### SOURCE INFORMATION

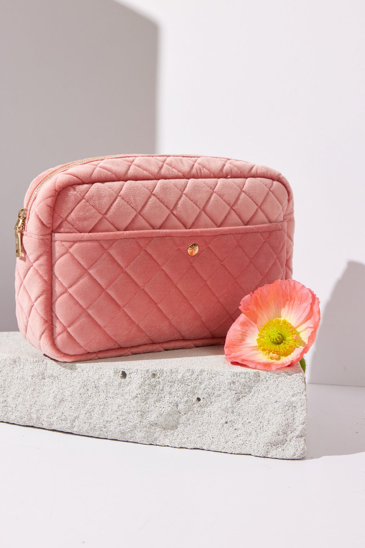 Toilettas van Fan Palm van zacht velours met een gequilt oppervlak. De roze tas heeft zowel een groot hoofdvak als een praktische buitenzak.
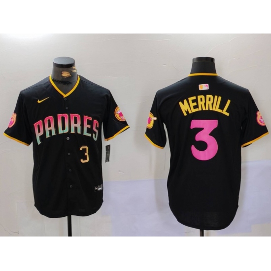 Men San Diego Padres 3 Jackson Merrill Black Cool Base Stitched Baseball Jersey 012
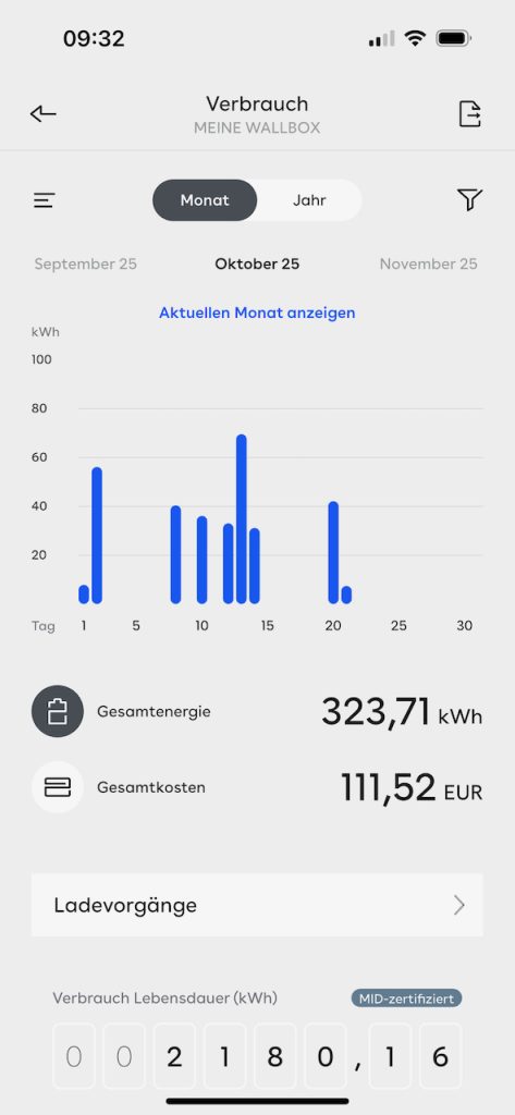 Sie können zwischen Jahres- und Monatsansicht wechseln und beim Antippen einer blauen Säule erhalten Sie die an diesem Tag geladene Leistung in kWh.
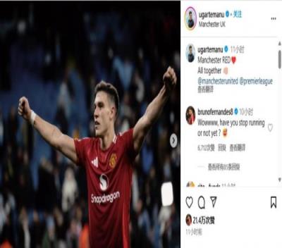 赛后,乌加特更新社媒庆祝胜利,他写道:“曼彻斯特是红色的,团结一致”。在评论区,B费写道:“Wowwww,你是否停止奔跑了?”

######
### SOURCE INFORMATION

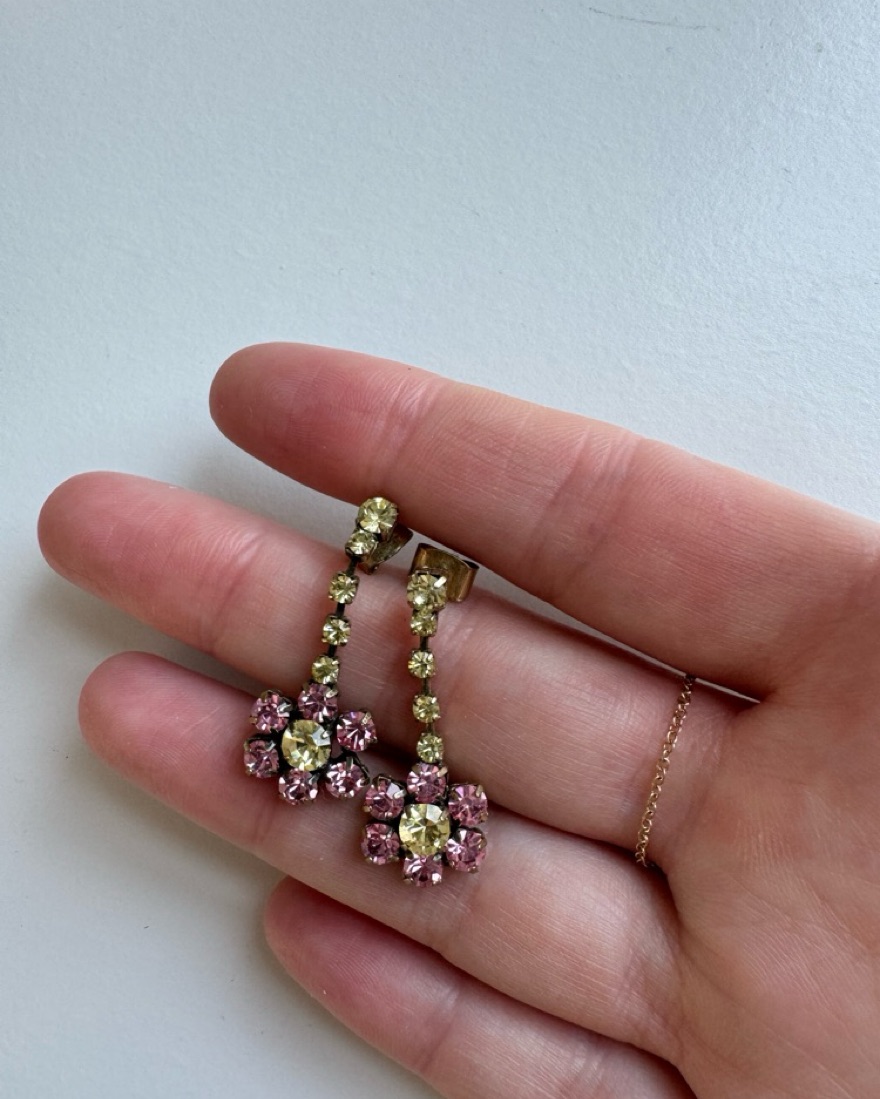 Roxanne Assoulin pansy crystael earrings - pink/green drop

######
### SOURCE INFORMATION

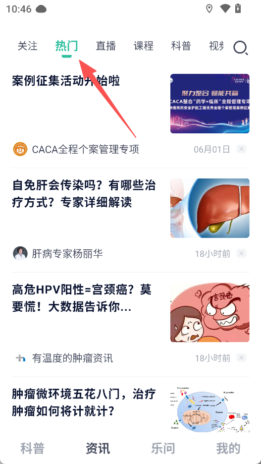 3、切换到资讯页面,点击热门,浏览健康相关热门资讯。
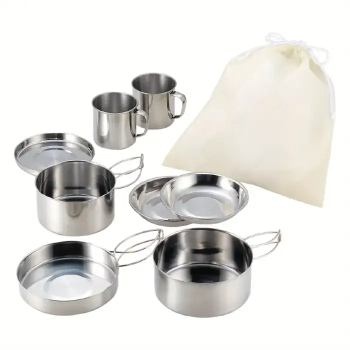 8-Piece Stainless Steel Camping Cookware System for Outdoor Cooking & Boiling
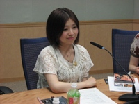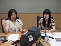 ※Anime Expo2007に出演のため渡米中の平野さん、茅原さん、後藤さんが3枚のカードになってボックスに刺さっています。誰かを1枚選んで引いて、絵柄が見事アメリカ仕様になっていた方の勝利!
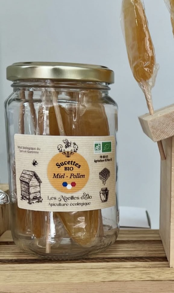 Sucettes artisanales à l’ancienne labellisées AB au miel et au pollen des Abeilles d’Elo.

######

_THE TASK:_ Transcribe exactly the lines above, beginning at the one with "8-Piece Stainless Steel" and going up to and including the one with "Sucettes artisanales à". Pictures do not belong in the copy.

_YOUR RESPONSE:_
 8-Piece Stainless Steel Camping Cookware System for Outdoor Cooking & Boiling
 ※Anime Expo2007に出演のため渡米中の平野さん、茅原さん、後藤さんが3枚のカードになってボックスに刺さっています。誰かを1枚選んで引いて、絵柄が見事アメリカ仕様になっていた方の勝利!
 Sucettes artisanales à l’ancienne labellisées AB au miel et au pollen des Abeilles d’Elo.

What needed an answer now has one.